Don’t though be distracted by the language she uses. Sharapova is also trying to say it is not her fault, but is doing so in a much cleverer way.

Look at her statement.

She starts by saying she has failed a drug test and takes “full responsibility.” To which one is meant to respond: ‘How refreshing that someone is taking responsibility rather than denying everything or passing the buck.’

However her initial remarks are followed by a series of mitigating circumstances designed to make us feel how noble she is to take responsibility when she is not responsible at all. She does this by mentioning rule changes (that the drug has only just been put on the banned list) and that she used the drug for serious health issues.

She then says how important it is to be open and honest, as she always has been in the past about many things.
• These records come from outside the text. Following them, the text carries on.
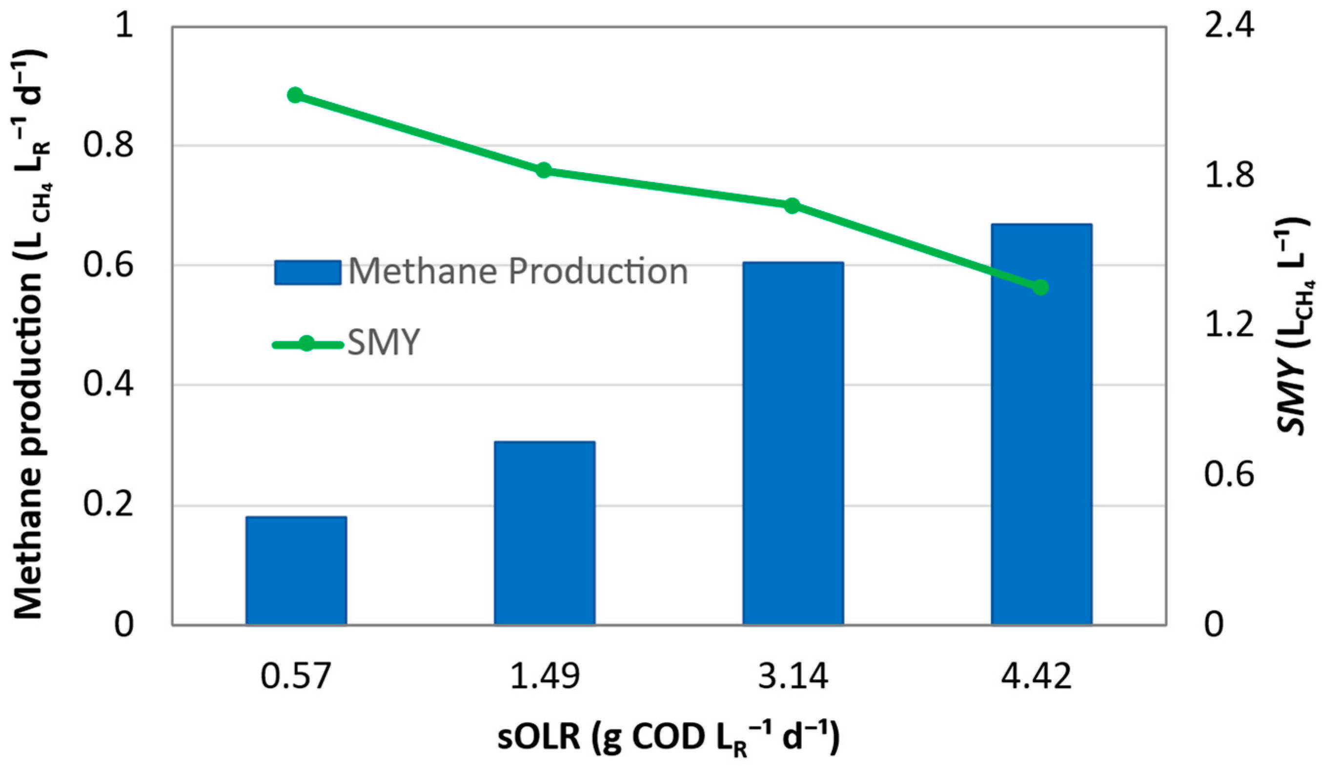 −1 for all tested sOLR values, and no decrease in the COD-based methane yield with increasing sOLR was observed. Interestingly,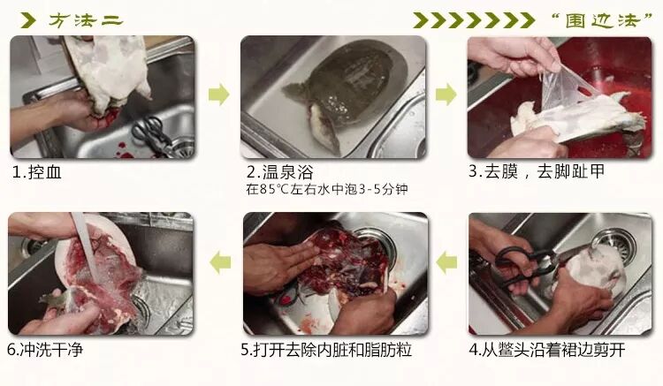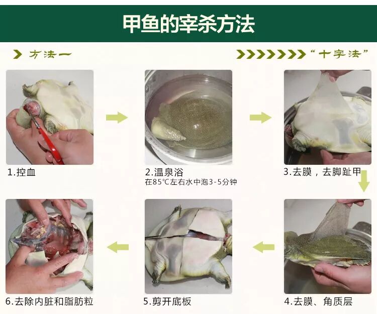 甲鱼的宰杀方法:引头-刀剁-放血-温开水去腊-开膛-清理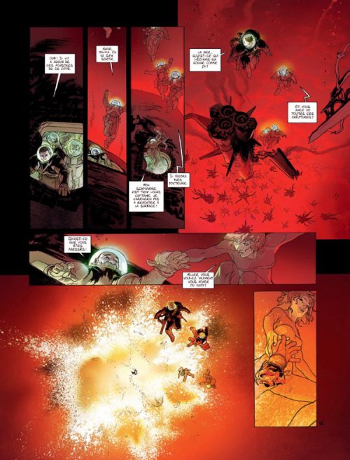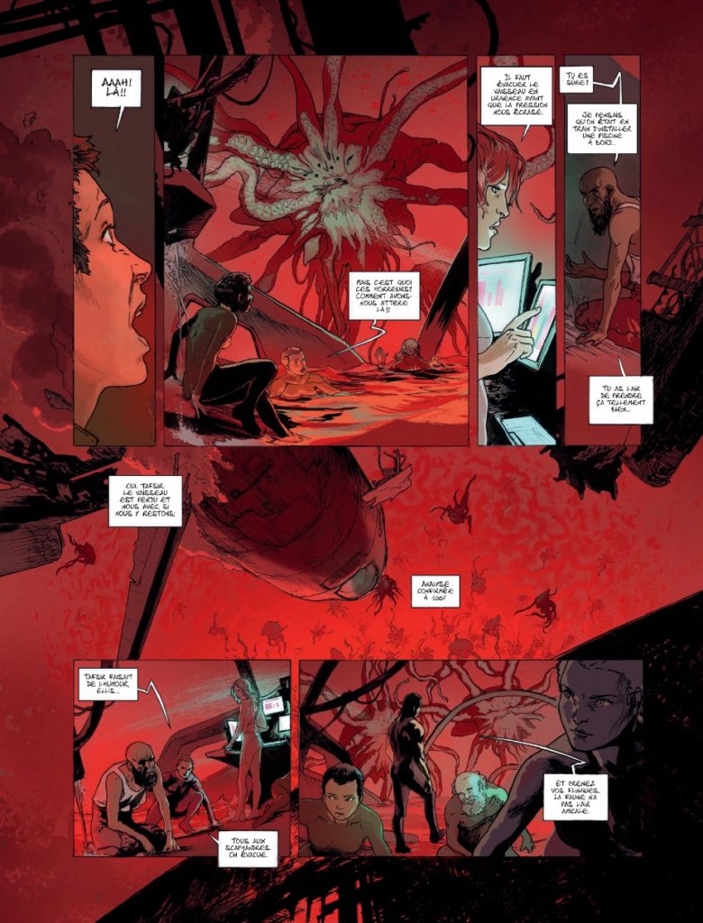 Cette histoire est amenée d’une main de maître par Thibaud de Rochebrune, qui a peut-être été initié au trait de Bajram pour cet opus, tant leurs deux styles semblent se confondre. Dans des pages magnifiques, où le lagon a tantôt des allures de gorge des enfers et à d’autres de porte du paradis, il y a un héritage d’Universal War One qui n’est pas loin (surtout les premiers albums, très sombres). En choisissant d’alterner bleu, vert, jaune et rouge pour interpréter les quatre éléments, la dimension graphique de l’objet passe au premier plan à de nombreuses reprises, tant le décor est important, car caractéristique de quelque chose de plus grand, de plus vaste, de plus ambigu aussi… En effet, le plus calme n’est pas le moins dangereux, et le plus affolé peut se révéler le plus sage dans cette histoire où les grimaces ont leur importance.

Yet, this begs the point that this statement was carefully structured and everything she has done in the past has helped to protect and promote her brand.

She then talks about responsibility and professionalism and admits that she made a “huge mistake.”

There are all kinds of different images floating round here. There is the need to take responsibility, which shows her in a good light but also this mention of a “huge mistake.” She is subtly denying that she is a drug cheat and also getting our sympathy by talking of a mistake – after all which one has not made a huge mistake in our lives.

Then she says she has let her fans down. But the subtext is that she has let them down by making a huge mistake, which is not really an admission of anything. This is a classic case of the non-apology apology.

And she concludes by saying she knows she faces consequences, adding a plea for another chance.

So, what do we have here? We have the image of a woman taking responsibility for what happened, apologising to her sport and her fans and accepting that there is a price to pay – and there is no doubt that these provided the best media sound-bites.

But there is a clear subtext; that she is human and made mistake due to a whole series of mitigating circumstances and therefore should receive another chance. In other words, she has done nothing really culpable.

In summary it is a very clever mix of the rhetoric of contrite guilt and the hard-nosed substance of innocence.

It is not for me to comment on her case – plenty of reporters will be asking more substantive question than they did at the press conference and sponsors will be deciding whether to follow the example of Nike and suspend her contract.

But don’t be fooled by the images and words Sharapova had used. They are but the first blows in a long campaign to preserve the commercial viability of brand Sharapova.